When you think of endings what comes to mind?
For me the first thought is that they’re never easy. Then I think of movies or books and the literal ending, often the climax of the whole story, of endings as a culmination. Then I think of those endings you didn’t want: holidays, relationships, friendships, specific moments, periods of time in life.
Then of course there are endings we may want: endings to a difficult period, which could be a vast array of things from ill health to a challenging piece of work to a run.
Sometimes the sense of how good this could feel at the end, having done it, is the thing that most motivates us.
So endings can be difficult and heavy and final and also freeing.
A lot has already been said and written and discussed about the importance of endings and finality for things to have meaning. However, what about all of the smaller endings that happen all of the time that we take for granted.
This blog already has 9 sentences, that’s 9 endings (and probably could have more based on a personal tendency for long sentences).
Consider your day yesterday or up to this point. How many endings have there been?
Up to the point of writing this I can notice an end to sleep, to a meeting, to several walks, two meals, two coffees, many sips of water, many words written, emails sent, pages read, hours of wakefulness, breathes taken: inhales and exhales.
It feels really obvious to note that there are innumerable moments ending, all the time, so many, every second that it would probably be impossible to keep count.

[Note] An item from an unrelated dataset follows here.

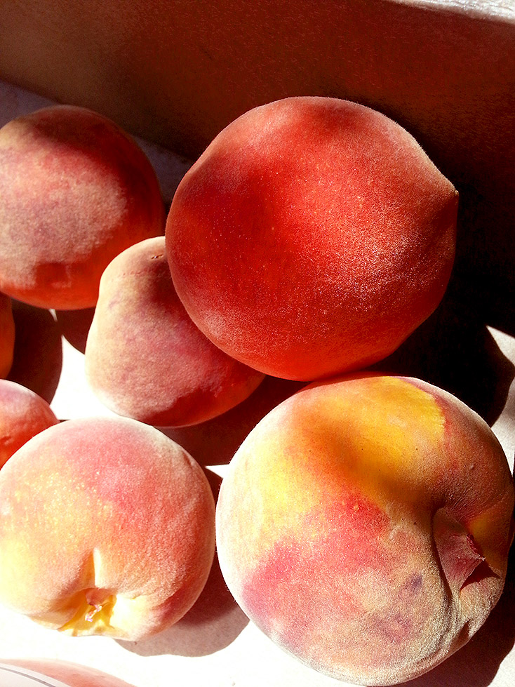 There’s nothing like walking through a peach orchard on a summer morning. I knew it would be beautiful, but the thing I didn’t expect was how good it would smell!! The fragrance of peaches magnified by the morning sun was amazing. Have you ever eaten a fresh, ripe peach right from the tree you just picked it from? I hadn’t before. I think as a society, we’ve mostly become so disconnected from where our food comes from (unless you’re lucky enough to shop at a farmstand or a true farmers market). It was very foreign but so nice to be able to stand in the sunlight and pick my own fruit from the trees in a local orchard. If you’ve never done it before, I highly recommend it if you have the chance. Much better than being bathed in garish fluorescent lights while filling a plastic bag of sub-par produce at the grocery store.

Knowing this, that there are endings everywhere all of the time, what, if anything is different?
Perhaps the common statement that ‘I’m not good at endings’ isn’t specific enough. And this feels more important than semantics and being nit-picky.
What is a truer reflection of our relationship to endings?
What endings are harder than others?
What endings do we take for granted?
What would it be like to be more aware of those endings?
How do we even know when something has really ended?
And we’ve not even started to think about what all these endings may say about beginnings…
If we know that unconsciously we’re ending lots of things all of the time, then we’re also beginning lots of things too, otherwise they cannot end.
Revisiting that list of things that have ended up to the point of writing, that list also means that I started sleep, I begun several walks, I made two meals, two coffees, begun several sips of water, started emails, notes, words, and reading.
Another thing that people often talk about is: ‘I’m struggling to start or can’t start.’
Again, (and again this may be obvious), but what is important is the specificity. We actually are so good at starting and ending things we don’t even realise!
Perhaps the question is how conscious are we of what we start and end and how we want to approach both those processes?
What would it take for us to more easily start and end the things that actually feel much harder?
Of course, when it comes to endings they cannot always be controlled (neither can the beginnings they spawn), however we can control how we choose to respond to them.
How we respond to those bigger beginnings and endings perhaps feels so difficult because unlike my list of little beginnings and endings, those big beginnings and endings in life probably add up to our fingers and toes.
So how can we create more beginnings and endings, or the responses to them that we want through our approach to all the daily beginnings and endings?
What would come from being more aware of all the beginnings and endings within each day, or hour?
If we were more aware of beginnings and endings, of both their magnitude to us and our far greater familiarity with them than we may imagine, how would we approach our lives, our work, our relationships?
As this post ends, what could be beginning because of it, and what is really ending?